The competitive displacement of a model protein (beta-lactoglobulin) by bile salts from air-water and oil-water interfaces is investigated in vitro under model duodenal digestion conditions. The aim is to understand this process so that interfaces can be designed to control lipid digestion thus improving the nutritional impact of foods. Duodenal digestion has been simulated using a simplified biological system and the protein displacement process monitored by interfacial measurements and atomic force microscopy (AFM). First, the properties of beta-lactoglobulin adsorbed layers at the air-water and the olive oil-water interfaces were analyzed by interfacial tension techniques under physiological conditions (pH 7, 0.15 M NaCl, 10 mM CaCl2, 37 degrees C). The protein film had a lower dilatational modulus (hence formed a weaker network) at the olive oil-water interface compared to the air-water interface. Addition of bile salt (BS) severely decreased the dilatational modulus of the adsorbed beta-lactoglobulin film at both the air-water and olive oil-water interfaces. The data suggest that the bile salts penetrate into, weaken, and break up the interfacial beta-lactoglobulin networks. AFM images of the displacement of spread beta-lactoglobulin at the air-water and the olive oil-water interfaces suggest that displacement occurs via an orogenic mechanism and that the bile salts can almost completely displace the intact protein network under duodenal conditions. Although the bile salts are ionic, the ionic strength is sufficiently high to screen the charge allowing surfactant domain nucleation and growth to occur resulting in displacement. The morphology of the protein networks during displacement is different from those found when conventional surfactants were used, suggesting that the molecular structure of the surfactant is important for the displacement process. The studies also suggest that the nature of the oil phase is important in controlling protein unfolding and interaction at the interface. This in turn affects the strength of the protein network and the ability to resist displacement by surfactants.

Effect of surfactant type on surfactant--protein interactions at the air-water interface.

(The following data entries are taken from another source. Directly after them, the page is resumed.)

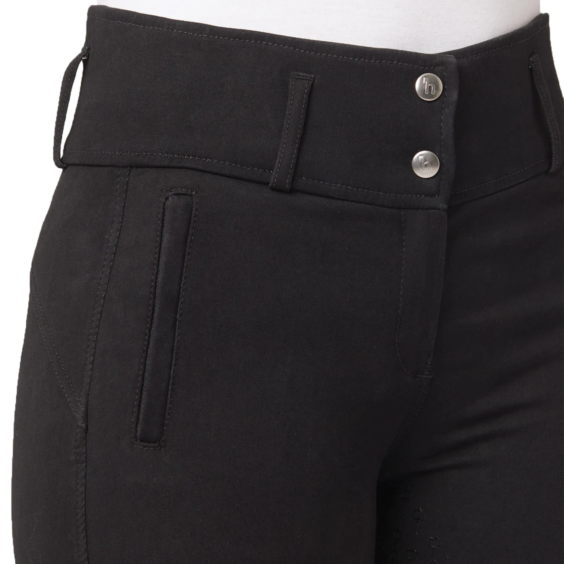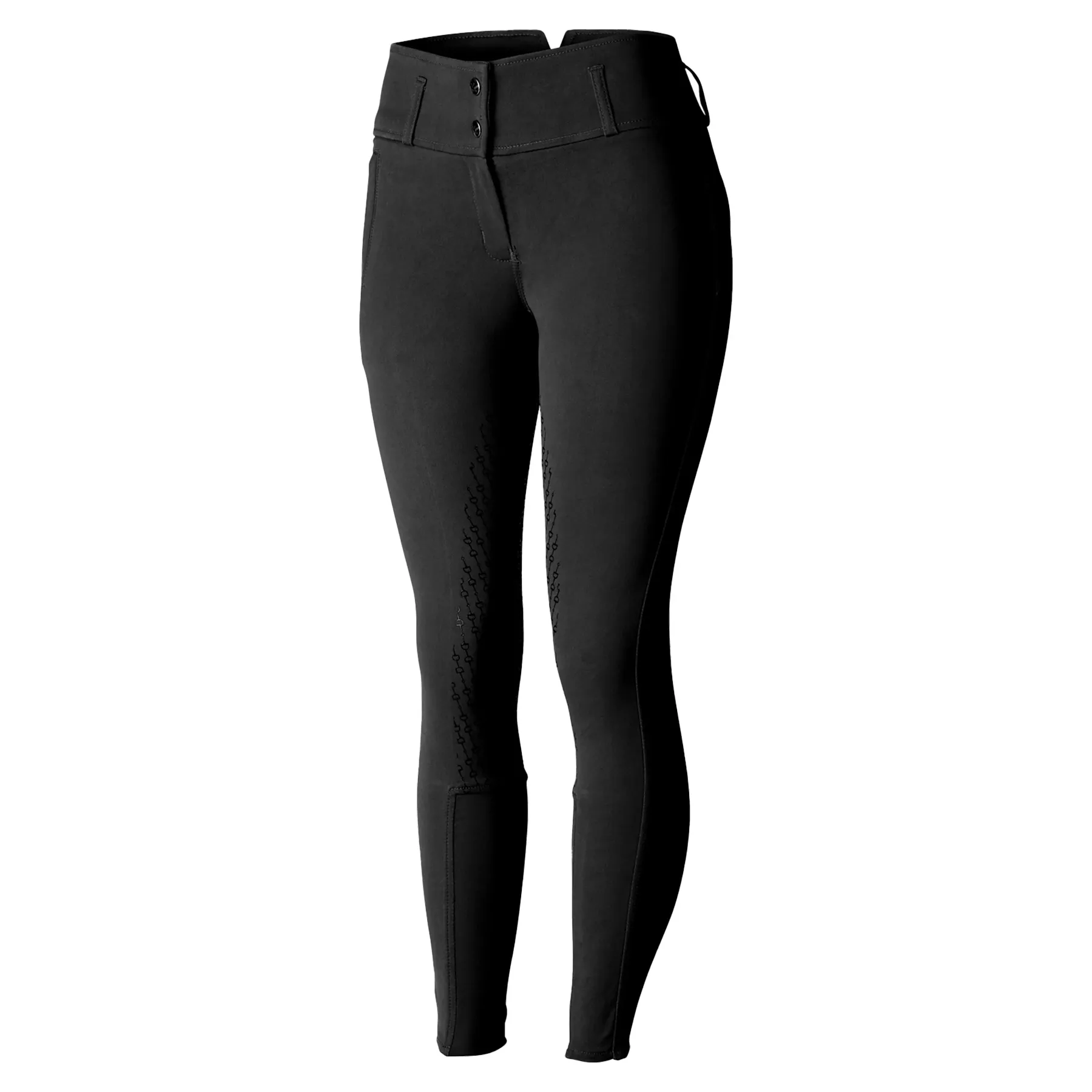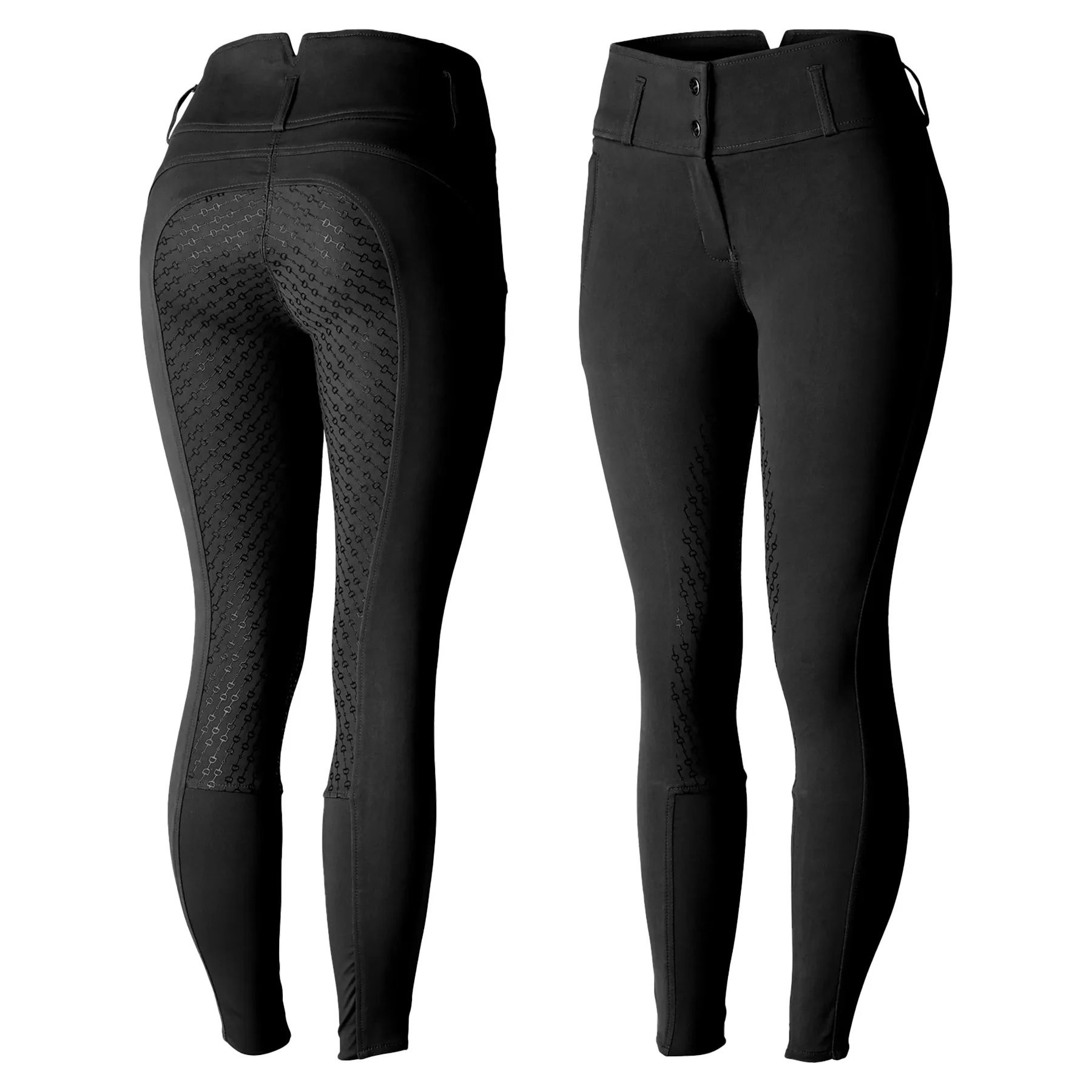 Blending classic style with modern flair, these breeches are your go-to for everything from weekend schooling to the show ring. The Horze Ladies Daniela Silicone Full Seat Breeches deliver a polished, flattering fit with a supportive high waist&mdashperfect for riders who appreciate both fashion and function. With their elegant bit-print seat and breathable cotton-blend fabric, these breeches keep you confidently comfortable ride after ride.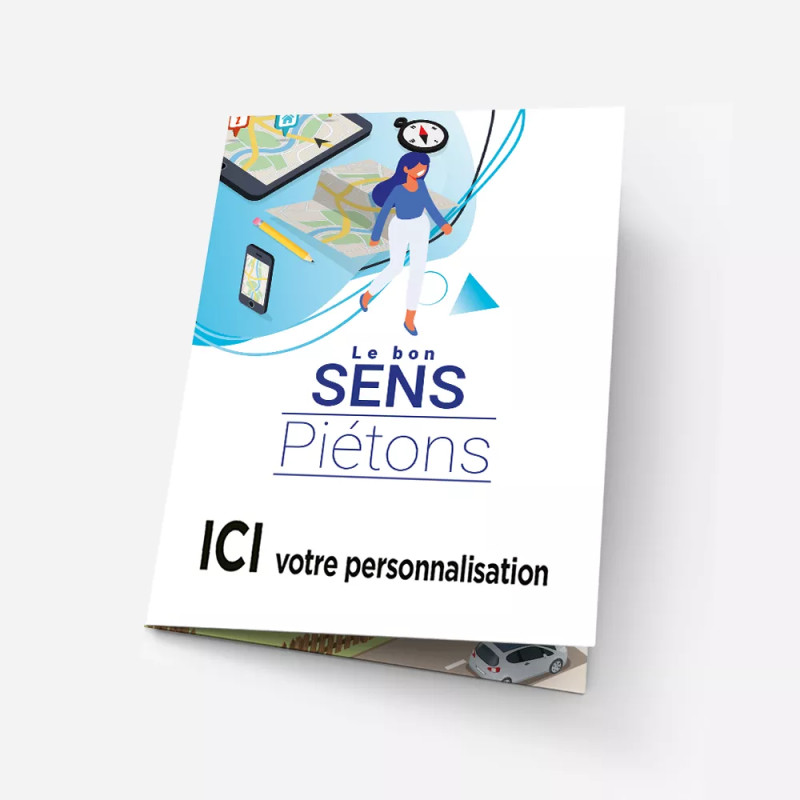 Le dépliant Le bon sens piéton personnalisé reprend les messages éducatifs du dépliant standard tout en intégrant votre logo et vos coordonnées. Idéal pour les actions locales de prévention.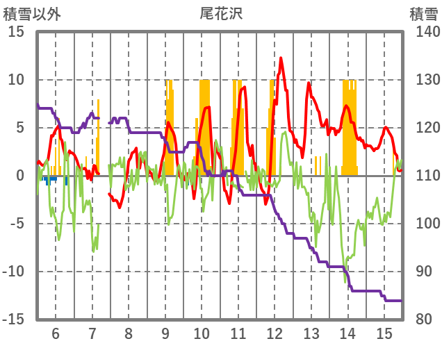 | 日 | 時 | 気温 | 降水 | 風向/風速 | 日照 | 積雪 | 降雪 |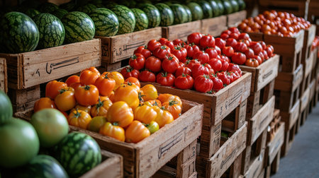 Vibrant heirloom tomatoes and ripe watermelons nestled in weathered wooden bins evoke a rustic market ambiance, perfect for healthy lifestyle themes.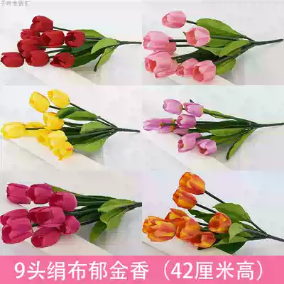 Simulation tulip flower branches 9 Heads 7 silk flowers single gardening decoration real estate flower beds festival layout beautiful flowers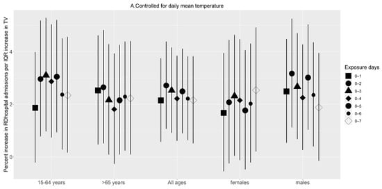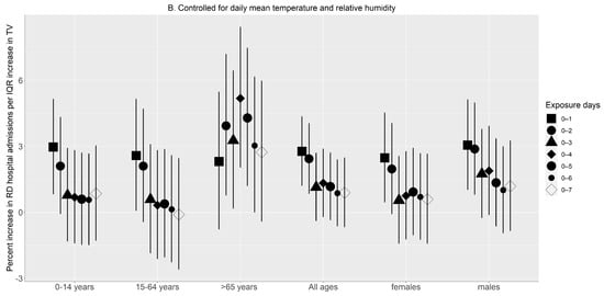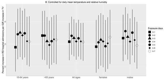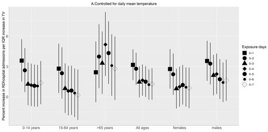 Further controlling the models for the effects of daily mean temperature, the highest effect estimates for the entire study group appeared at different exposure days. The highest effect estimates appeared at 0–2 days for CVD hospitalisation (Figure 3A) and at 0–1 day for RD hospitalisation (Figure 4A). After reaching the maximum, the effect estimates of TV on hospitalisations for both diseases tended to be stable and then decreased. The subgroup analysis showed that the 15–64 age group was more vulnerable to CVD hospitalisations and the 65 or older age group was more vulnerable to RD hospitalisations. Similar patterns Figure 4A,B were observed after controlling for all other covariates, including relative humidity.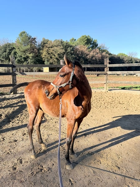 Potro de 3 años, Poni C, con un carácter noble y equilibrado y un físico muy bien conformado. Destaca por su buena estructura, movimientos correctos y una presencia que no pasa desapercibida. Es un poni muy versátil, con un futuro prometedor tanto para ocio, competición en cualquiera de sus disciplinas o rutas, adaptándose fácilmente a distintos tipos de trabajo. Actualmente ya está en la cuerda, mostrando buena actitud y disposición al aprendizaje. Se deja tocar sin problema por todo el cuerpo, es muy cariñoso, cercano y confiado con las personas, lo que lo convierte en un compañero ideal tanto para adultos como para niños con cierta experiencia. Vive en manada, por lo que está bien socializado, pero se adapta perfectamente a la vida en cuadra sin mostrar estrés ni malos hábitos. Un poni con buena cabeza, fácil de manejar y con una base excelente para seguir formándolo a gusto de su futuro propietario.

The displacement of the proteins (beta-lactoglobulin and beta-casein) from an air-water interface by the nonionic (Tween 20 and Tween 60) and ionic (sodium dodecyl sulfate, cetyltrimethylammonium bromide, and lyso-phosphatidylcholine-lauroyl) surfactants has been visualized by atomic force microscopy (AFM). The surface structure has been sampled by the use of Langmuir-Blodgett deposition onto mica substrates to allow imaging in the AFM. In all cases, the displacement process was found to occur through the recently proposed orogenic mechanism (Mackie et al. J. Colloid Interface Sci. 1999, 210, 157-166). In the case of the nonionic surfactants, the displacement involved nucleation and growth of surfactant domains leading to failure of the protein network and subsequent loss of protein into the bulk phase. The surface pressure dependence of the growth of surfactant domains and the failure of the network were found to be the same for both Tween 20 and Tween 60, demonstrating that the breakdown of the protein film was dominated by the mechanical properties of the network. The displacement of protein by ionic surfactants was found to be characterized by nucleation of surfactant domains with little domain growth prior to failure of the network. The size of the domains formed by ionic surfactants was found to be limited by the strong intersurfactant repulsive forces between the charged headgroups. Screening of these charges led to an increase in the size of the domains. The surface pressure at which the network continuity was lost was found to be dependent on the type of surfactant and, in all cases, to occur at higher surface pressures than that required for nonionic surfactants. This has been attributed to surfactant-protein binding that initially strengthens the protein network at low surfactant concentrations. Evidence obtained from surface shear rheology supports this assertion.